The desire to forget about the former home is informed by the realisation that it would be in her own best interest to dissociate herself from her past life. But she also believed that she was ‘expected to integrate, to assimilate, to conform, to take a jump into a community melting pot and forget about her own real self’ because Australians did not want her to cling to her Hungarian identity: ‘They regarded the “Otherness” of other people as a mild disease, a slight handicap that ought to be treated if it cannot be prevented.’

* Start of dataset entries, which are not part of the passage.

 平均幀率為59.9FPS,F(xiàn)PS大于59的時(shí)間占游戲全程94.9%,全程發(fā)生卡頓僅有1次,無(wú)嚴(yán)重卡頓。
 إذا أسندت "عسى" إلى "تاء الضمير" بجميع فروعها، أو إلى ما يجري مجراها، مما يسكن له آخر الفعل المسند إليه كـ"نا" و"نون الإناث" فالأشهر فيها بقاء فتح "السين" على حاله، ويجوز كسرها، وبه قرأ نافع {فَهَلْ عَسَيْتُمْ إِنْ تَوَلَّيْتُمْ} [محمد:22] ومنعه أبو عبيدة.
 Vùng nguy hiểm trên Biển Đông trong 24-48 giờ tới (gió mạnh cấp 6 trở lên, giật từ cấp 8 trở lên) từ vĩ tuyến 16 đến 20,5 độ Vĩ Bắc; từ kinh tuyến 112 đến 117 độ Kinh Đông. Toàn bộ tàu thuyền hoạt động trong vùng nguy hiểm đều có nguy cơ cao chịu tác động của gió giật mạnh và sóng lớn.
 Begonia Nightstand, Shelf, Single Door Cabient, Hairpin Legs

While ‘otherness’ could be treated, its symptoms would never vanish, and therefore her new identity would always remain incomplete, and unable to match what she tried to forget. Bozic remained torn between herself as a New Australian, and ‘[t]hat other-Me who came from Europe’. One was ‘a foreigner with an accent, a migrant without a country’, while the other spoke her native tongue effortlessly.

 

MIGRANTS TEND TO have a keen ability to notice the peculiarities of their new country and its residents, things the locally born generally overlook. Bozic’s book is a good example. She is a perceptive and unforgiving observer of Australian gender roles in 1950s Canberra: ‘those friendly and incredibly helpful women’ who were her neighbours ‘lived a humdrum and lacklustre existence within narrowly defined roles and by the time they were middle-aged their souls were drained of all the dreams they had ever had about life’, the men labelled topics ‘[o]utside their own narrow sphere of interests…as “women’s talk” or still worse “culture” – something not really becoming to grown men’. But she is also able to lighten her diagnoses with a dash of humour: ‘I had worked on a theory that the emotional inertia that afflicted so many Australians was due to the terrible national habit of drinking tea with milk – a beverage that looked like dishwater and quite often tasted like it too.’

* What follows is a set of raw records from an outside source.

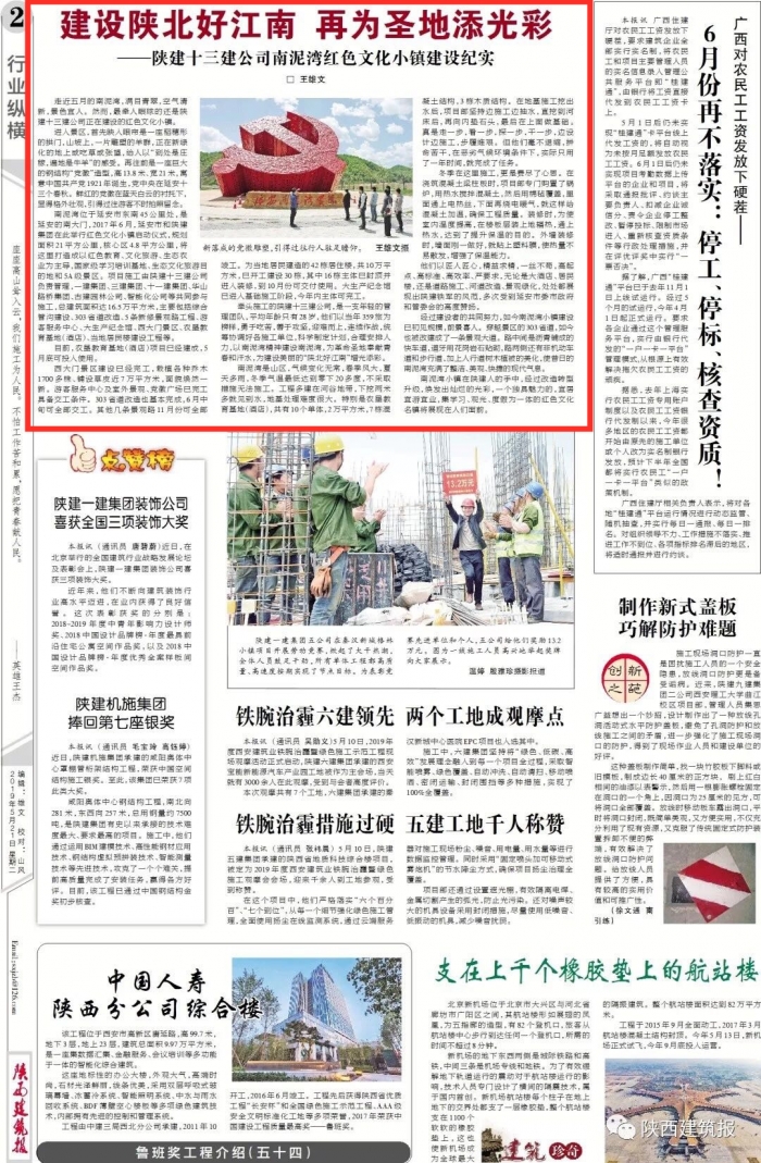 近日,陜建十三建公司負(fù)責(zé)管理的南泥灣紅色文化小鎮(zhèn)項(xiàng)目登上《陜西建筑報(bào)》,宣傳分享了南泥灣紅色文化小鎮(zhèn)建設(shè)的施工進(jìn)展情況及十三建公司在建設(shè)中所發(fā)揮的管理作用。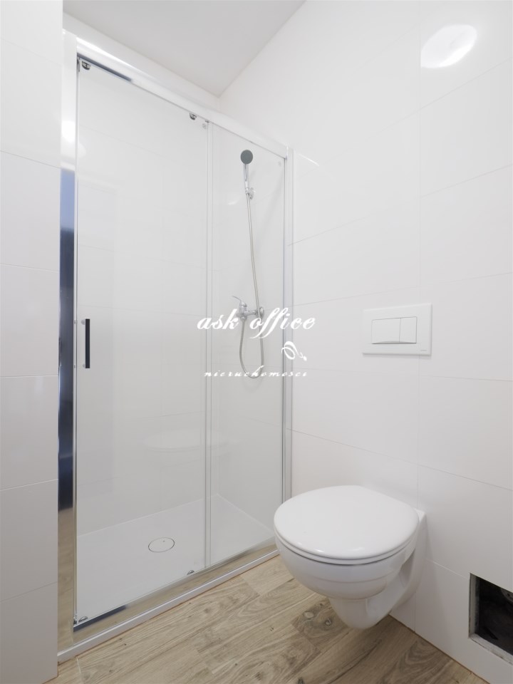 Pokój biurowo-usługowy z łazienką na wyłączność wyposażoną w kabinę prysznicową.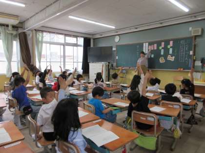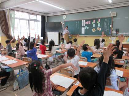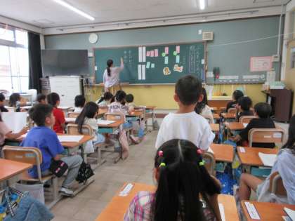 挿絵を基に、何が、どうしたのかみんなで発表し合って文をつくりました。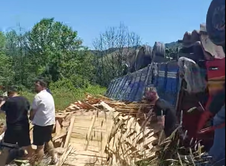Alınan bilgilere göre Orhangazi’den Yalova yönüne gitmekte olan kereste yüklü kamyon virajda sürücünün kontrolünden çıkarak yol kenarına devrildi.

Living in a language that is not your mother tongue can also increase awareness of how the world is named and how words are used to negotiate relationships. The initial response to being removed from a familiar environment and the language that made sense of it, though, is alienation. Soon after arriving in Sydney, Bozic takes the train to Canberra. The landscape is more than strange to her; all she can see is ‘the scorched earth barely covered with dry grass and a few lonely parched ghost gums standing in the middle of nowhere’. She wonders how Australian artists could make sense of that landscape, which words and which colours they could use to do it justice. Later, she learns to see Australia and to notice ‘beauty of a very different kind’ in the native trees. But noticing that beauty is a long way from being able to put it into words, or having the confidence to try to do so.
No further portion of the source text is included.